Many of the things I started going through with these books and later on a therapist are probably something I could have dealt with, without first identifying the trauma. But it would be the kind of "could have done it", like I also could have done learning advanced math by just reading some books instead of going to university. In theory it works, for some people it works, but for most of us, taking some classes and having homework and exams is what makes it actually possible.

Permit me an example: Imagine this - you placed an empty bottle somewhere in a corner on the ground. You were busy with chores, it was in the way, you'll deal with it later. Your partner walks in and accidentally knocks it over. You forget about your chore. Your entire mind is filled with the need to apologize, hide, try to make up for putting that bottle there. You watch your partner sigh, pick it up, put it away and proceed with whatever he was doing, but you still can't focus on anything over the intense feeling of guilt and fear. It will take a few minutes to let you get back to work and probably at least an hour for the feeling to entirely go away. What do you do with this shit? I didn't know. I just knew situations like this far too well and they happened a lot.

Reading a book on trauma gave me several clues that had gone right past me for at this point about 13-15 years of my adult life. First off, I didn't understand this was a limbic response. In hindsight, if you need a textbook example for freeze responses, I'm right here. Then I had to understand what I was afraid of. That was tough, because up until reading anything on this, I did not understand "someone shouting at me and calling me stupid for several minutes" to be something that would cause panic. For a little kid, it definitely does. And in this moment, mentally I reverted to little kid mode. I needed to handle whatever the almighty parent throws at me. In my case, handling it was suffering through it and either crying in my room when it was over or later dissociating to escape the pain.

So basically, I had a flashback. Plain and simple. While I consciously knew that would never happen, something inside of me expected my partner to go nuclear on me for being so inconsiderate and lazy and I would not be able to do anything. I would just stand there and take it until he's finished shouting and I'm allowed to go to my room and cry.

My partner doesn't shout at me. Never has. This made it so hard for me to understand, what was going on. Telling me that I was overreacting and just consciously understanding I was safe was helping a little, but it was painfully slow.
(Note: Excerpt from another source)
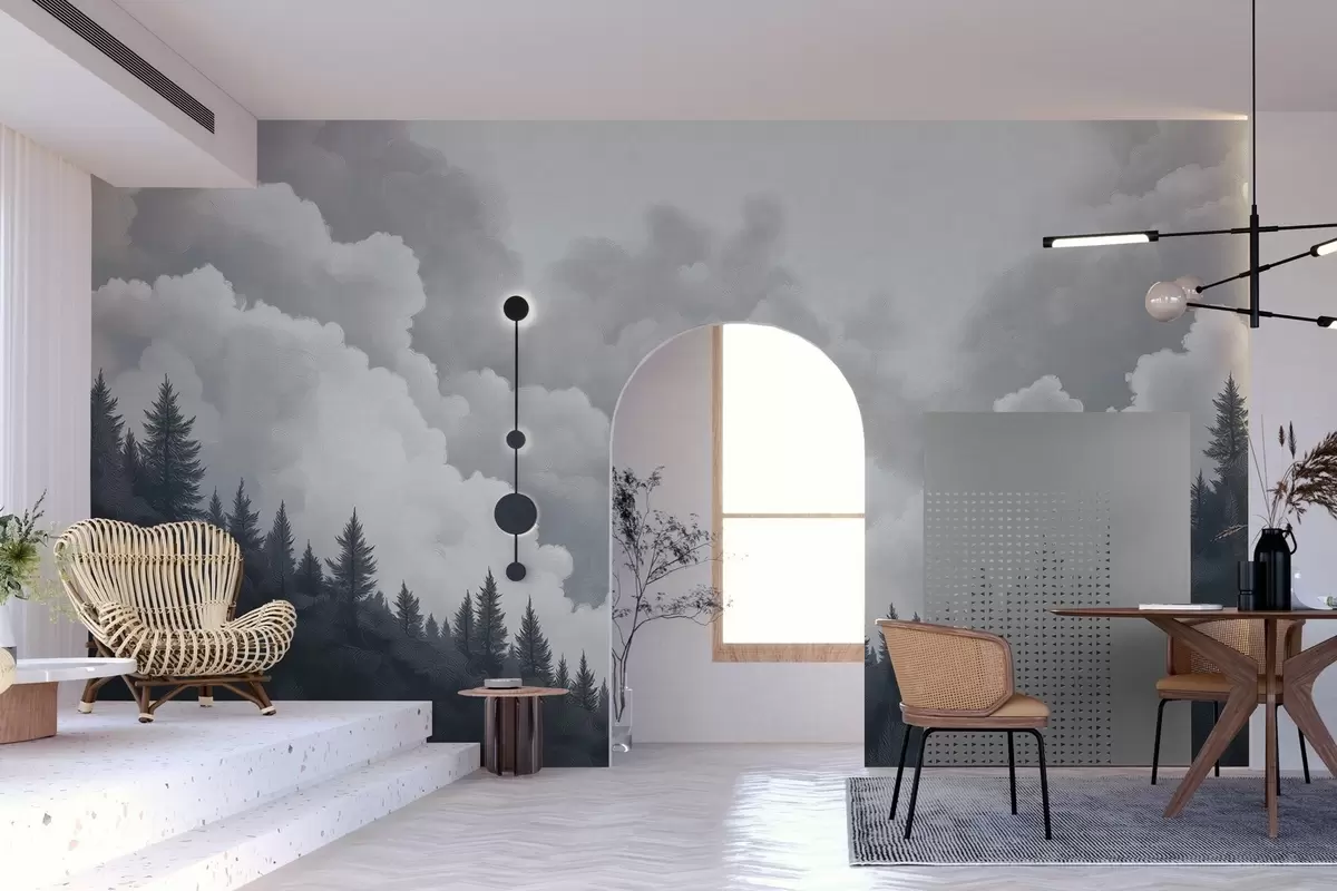 Τοιχογραφίες Ζωγραφισμένα πυκνά σύννεφα πάνω από το δάσος σε στυλ λαδιού Nr. w02411

Also, was I overreacting? Wasn't this how people feel when they have done something wrong? Understanding, what I was actually afraid of (my dad) and that this situation was not normal (it was emotional abuse), jump-started recovery. I suddenly knew what I had to compare reality to. I knew better what to tell myself to soothe and ease out of panic. I could start doing some of those cliche exercises to low-key trigger that fear, walk through it and come out the other end to actively understand I'm still okay. I could also imagine rescuing myself or reliving the situation today and react as the self-reliant adult I am. All the (not) fun stuff.

Going from there, I gradually discovered more and more flashbacks that kept eating up my mental capacity, so I could isolate the triggers and deal with the emotional mess they caused, one at a time. And lo and behold - if you are not busy dissociating on a daily basis, you can actually have real emotions. It's great!

At this point, the amount of blame involved is very little. Sometimes I use a little blame to get out of the shame-cycle. It usually starts with feeling guilty for not replying to some shaming message my parents sent me, starts spiraling into feeling like I'm the worst child ever and then ends with "Screw you dad, I've handled your emotions long enough. We're not doing that again." That is part blame and I hope that I will eventually be able to do without it. It's a work in progress.